Publicatie

Publicatie datum

Sterfte aan kanker en andere chronische aandoeningen: kenmerken in 2006 en trends vanaf 1996.

Velden, L.F.J. van der, Francke, A.L., Hingstman, L., Willems, D.L. Sterfte aan kanker en andere chronische aandoeningen: kenmerken in 2006 en trends vanaf 1996. Utrecht: NIVEL, 2007. 42 p.
Download de PDF
Thuis sterven
In 2006 is 32% van de mensen met kanker of andere chronische aandoeningen thuis gestorven; 27% stierf in het ziekenhuis, 25% in het verpleeghuis en 15% elders. Dat is opmerkelijk omdat in de wetenschappelijke literatuur de plaats van sterven meer en meer als een belangrijke kwaliteitsindicator voor goede palliatieve zorg wordt gezien. Thuis sterven stelt mensen in staat zo lang mogelijk de regie te behouden over hun eigen leven. Onderzoek uit 2005 liet zien dat 73% van de algemene bevolking thuis de beste plaats vindt om te sterven voor mensen die ongeneeslijk ziek zijn. Ook terminale patiënten zelf geven veelal aan thuis te willen sterven.

Zorgvraag
Het Ministerie van VWS heeft palliatieve zorg als belangrijk speerpunt. Net als in vorige kabinetsperiodes wordt palliatieve zorg gezien als zorg die waar mogelijk thuis gegeven moet worden en anders zo ‘thuis’ mogelijk. Met subsidie van het ministerie van VWS deed het NIVEL onderzoek naar de niet-acute sterfte in Nederland op basis van gegevens van het CBS. Doel van het onderzoek was inzicht te krijgen in hoe de sterfte aan kanker en andere chronische aandoeningen zich ontwikkelt en wat voor consequenties dat kan hebben voor de vraag naar palliatieve zorg.

Opname
Het aandeel patiënten dat in een ziekenhuis sterft lijkt iets te zijn afgenomen, het aandeel dat sterft in een verpleeghuis is iets toegenomen, stelt NIVEL-onderzoeker Anneke Francke: “Toch sterft nog steeds bijna eenderde in het ziekenhuis. Dit impliceert dat patiënten in de palliatieve fase nog zijn opgenomen. Het is bekend dat er thuis in de laatste week soms nog crisissituaties ontstaan, doordat de symptomen te ernstig worden en onvoldoende kunnen worden bestreden of de mantelzorg het niet meer aankan. Extra aandacht voor ondersteuning van mantelzorgers is dus essentieel.”

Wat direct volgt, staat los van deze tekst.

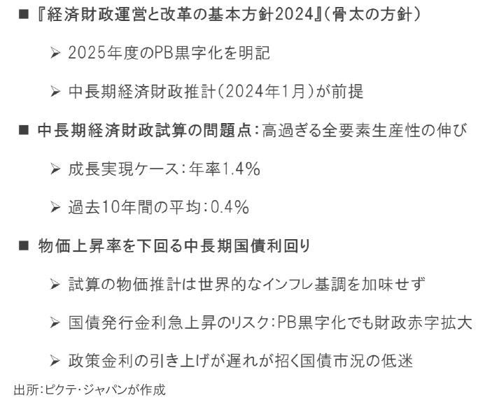 通常国会が実質的に閉会した6月21日、『経済財政運営と改革の基本方針2024』(骨太の方針)が閣議決定された。今回、注目されたのは、基礎的財政収支(PB)に関して、「2025年度の国・地方を合わせたPB黒字化を目指す」と3年ぶりに目標の年限が復活したことだ。背景として、今年1月22日に内閣府が諮問会議に提出した『中長期の経済財政に関する試算』で、成長実現ケースの場合、2025年度のPBの赤字が1.1兆円に止まるとの見通しが示されたことが大きいのではないか。岸田文雄首相は、2025年度へ向けた財政健全化への責任を背負うことで、9月の自民党総裁選での再選に強い意欲を滲ませたと見られる。ただし、中長期経済財政試算は、前提となる全要素生産性(TFP)の伸びが現実から乖離するなど、実現可能性に疑問符がつく。さらに、国家債務が名目GDPの2倍に達するなか、PBが黒字化しても、国債利払い費の急増により財政収支の赤字が肥大化することも考えられる。国債には構造的な売り圧力が続くのではないか。
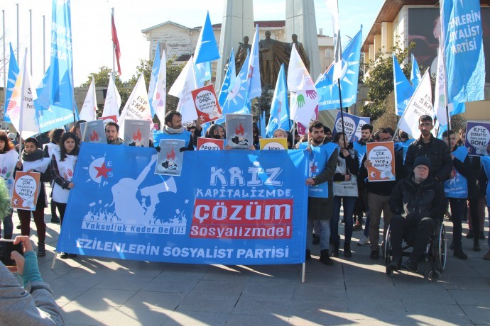 Geçtiğimiz hafta Hatay’da ‘Çocuklarım aç’ diyerek kendini yakarak yaşamına son veren yurttaşı hatırlatarak konuşmasına başlayan ESP Eşbaşkanı Şahin Tümüklü, sorumlusunun AKP iktidarı olduğunu söyledi:
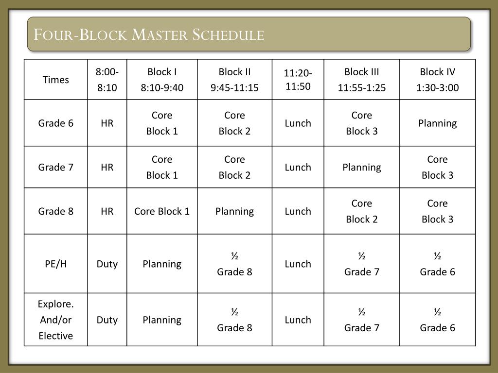 Middle School Scheduling Options • Four-Block Schedule (and variations) • Equal Core Periods > Encore Periods • The Intervention/Enrichment Period • Encore Scheduling Options • Math Scheduling Ideas
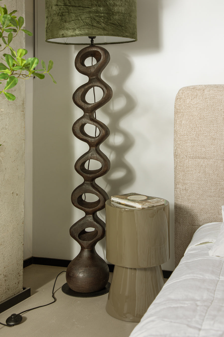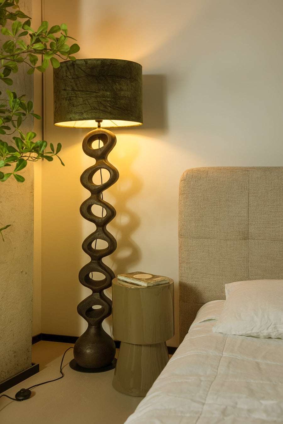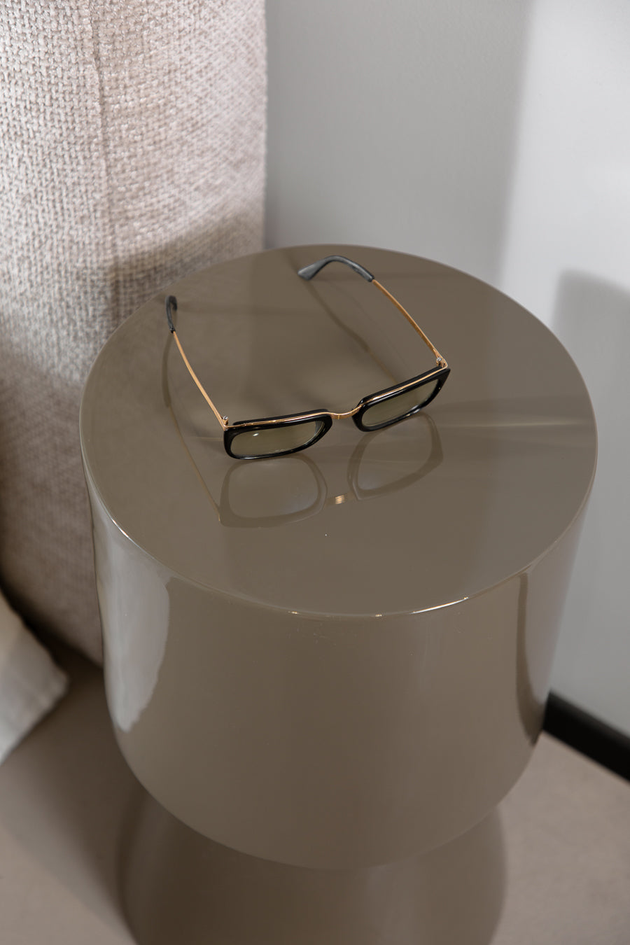 סטול גלוסי בגוון ירוק. שולחן צד בגימור קורץ המכניס טאץ' של גלאם וצבע בחלל האירוח.
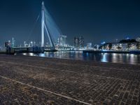 This is an image of a cityscape in Holland, Netherlands at night. The modern architecture of the skyscrapers is illuminated by street lights and artificial light, creating a stunning cityscape. In the foreground, there is a lake reflecting the lights of the buildings. The clear sky above adds to the beauty of the scene. The cobble stone road surface adds to the charm and history of the urban design. This photo captures the essence of city life in Europe, showcasing the combination of modern architecture and rich cultural heritage.
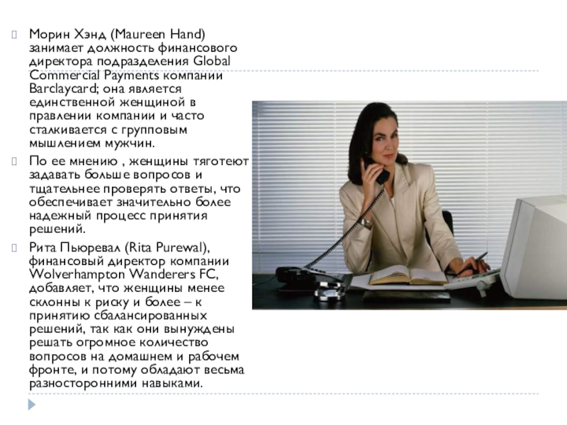 Слайд 10Морин Хэнд (Maureen Hand) занимает должность финансового директора подразделения Global Commercial

Allochtoon sterft liever in het ziekenhuis
Bijna 90% van de overledenen had een Nederlandse herkomst, 8% was westers allochtoon, 2% niet-westers allochtoon. Niet-westerse allochtonen overlijden even vaak thuis als autochtone Nederlanders. Maar zij overlijden relatief vaak in het ziekenhuis en weinig in een verpleeg- of verzorgingshuis. Francke: “Dit hangt deels samen met de leeftijdsopbouw, voor een ander deel waarschijnlijk met het feit dat veel mensen uit bijvoorbeeld Turkije en Marokko negatief oordelen over opname in een verpleeg- of verzorgingshuis. In deze culturen is het voor velen een schande om oudere familieleden te laten opnemen. Een ziekenhuisopname heeft echter een medische noodzaak en wordt niet primair gezien als vervanging van familiezorg. Wat sterven in het ziekenhuis acceptabeler maakt.”

Niet acute sterfte
In 2006 stierven rond 135.000 Nederlanders. Ruim de helft (54%) overleed als gevolg van een chronische ziekte. Van deze groep overleden veertigduizend mensen aan kanker, 29.000 aan CVA (acute sterfte niet meegerekend), COPD, dementie, hartfalen en diabetes. Van alle niet-acuut overledenen was bijna driekwart minstens zeventig jaar.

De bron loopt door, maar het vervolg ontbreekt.